DATA TO PROCESS »
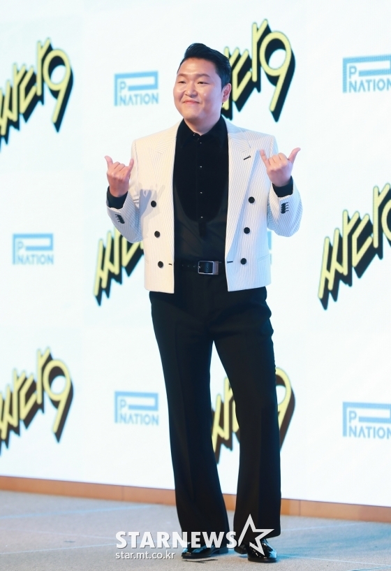 가수 싸이(PSY)가 29일 오후 서울 영등포구 페어몬트 앰배서더 서울에서 진행된 정규 9집 '싸다9' 발매기념 청음회에 참석해 포즈를 취하고 있다. /사진=이동훈 기자
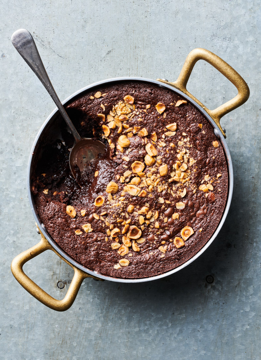 Stir in the melted chocolate, then use a large metal spoon to fold in the flour and salt. Stir in half the hazelnuts and tip the mixture into the baking dish. Scatter over the remaining hazelnuts and bake for about 20-25 minutes, or until the pudding is set but still with a little wobble in the centre.
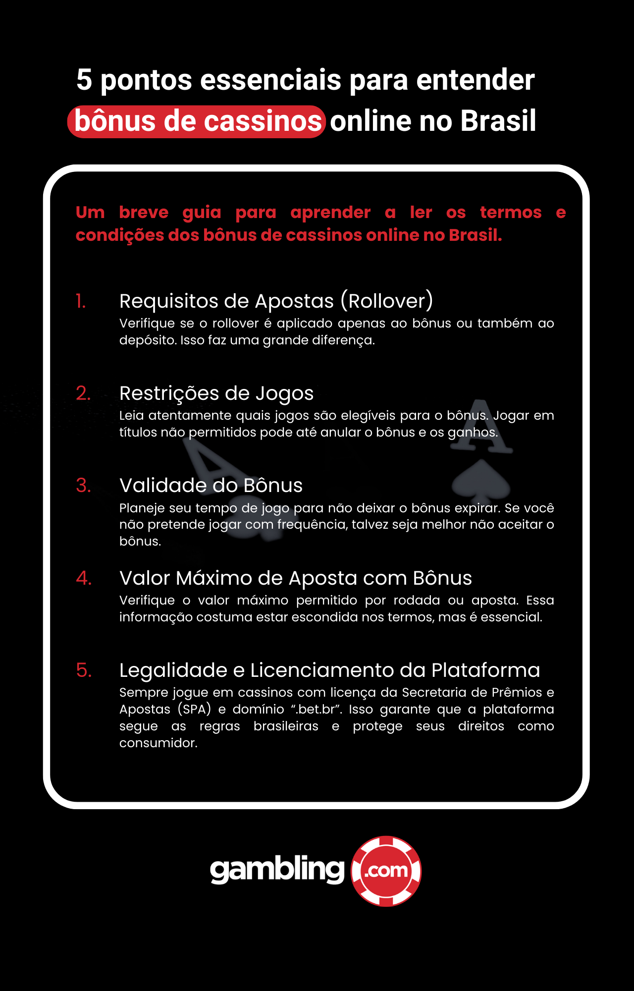 O guia preparado pela Gambling, principal autoridade independente em jogos online no Brasil, permite que você aprenda a ler os termos e condições dos bônus de cassinos online no Brasil. Confira requisitos de aposta, restrições de jogos, validade do bônus, limite de aposta e licenciamento para evitar surpresas nos cassinos online legais do Brasil.
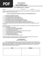 Panuto: Basahin at unawain ang mga [Link] ang titik ng tamang sagot. A. Directions: Identify the correct point of view in each sentence. Tell
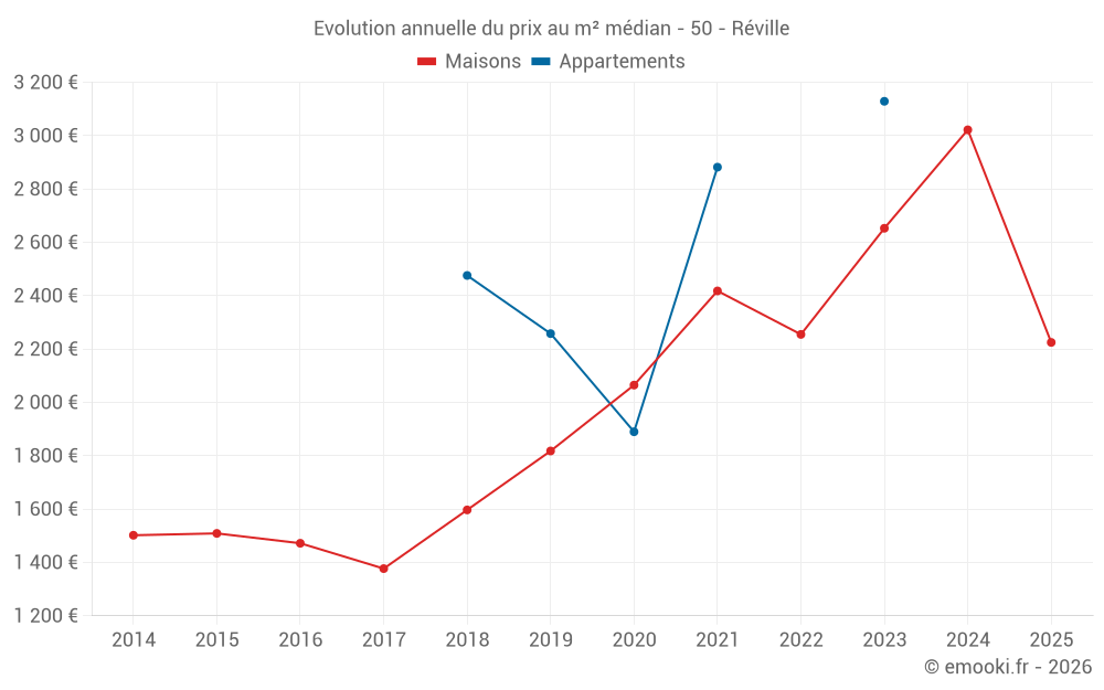 Le prix médian sur les 25 transactions de maisons des 24 derniers mois dans la commune de Réville était de 2 874 € par mètre carré pour une valeur foncière médiane de 231 350 €. Sur cette période 60% des transactions se sont situées entre 1 607 et 4 446 € par mètre carré (du 2ème au 8ème déciles).
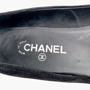 Chanel Camellia CC Ballet Flats Black Suede Size 38.5 US 7.5–8 Women Flower Logo
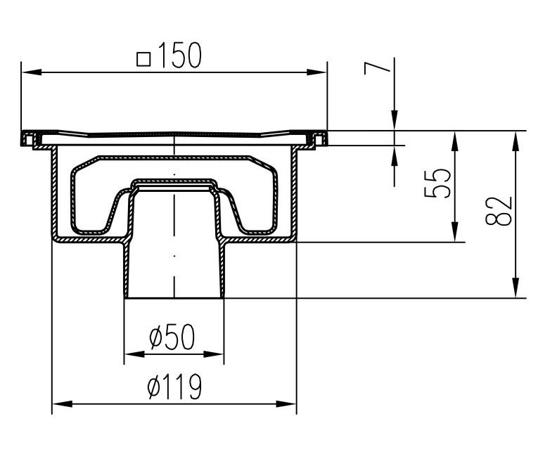 Компактный размер трапа – всего 150х150 мм, что позволяет оставить целостным дизайн пола.
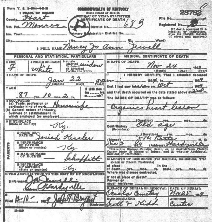 | Jewell, Nancy Jo Ann | provided by Green Co. Genealogical Society | |||

WHAT IS NEEDED »
Quote the listing above in full, except for the pictures.

RESPONSE »
 가수 싸이(PSY)가 29일 오후 서울 영등포구 페어몬트 앰배서더 서울에서 진행된 정규 9집 '싸다9' 발매기념 청음회에 참석해 포즈를 취하고 있다. /사진=이동훈 기자
 Stir in the melted chocolate, then use a large metal spoon to fold in the flour and salt. Stir in half the hazelnuts and tip the mixture into the baking dish. Scatter over the remaining hazelnuts and bake for about 20-25 minutes, or until the pudding is set but still with a little wobble in the centre.
 O guia preparado pela Gambling, principal autoridade independente em jogos online no Brasil, permite que você aprenda a ler os termos e condições dos bônus de cassinos online no Brasil. Confira requisitos de aposta, restrições de jogos, validade do bônus, limite de aposta e licenciamento para evitar surpresas nos cassinos online legais do Brasil.
 Panuto: Basahin at unawain ang mga [Link] ang titik ng tamang sagot. A. Directions: Identify the correct point of view in each sentence. Tell
 Le prix médian sur les 25 transactions de maisons des 24 derniers mois dans la commune de Réville était de 2 874 € par mètre carré pour une valeur foncière médiane de 231 350 €. Sur cette période 60% des transactions se sont situées entre 1 607 et 4 446 € par mètre carré (du 2ème au 8ème déciles).
 Chanel Camellia CC Ballet Flats Black Suede Size 38.5 US 7.5–8 Women Flower Logo
 Компактный размер трапа – всего 150х150 мм, что позволяет оставить целостным дизайн пола.
 | Jewell, Nancy Jo Ann | provided by Green Co. Genealogical Society | |||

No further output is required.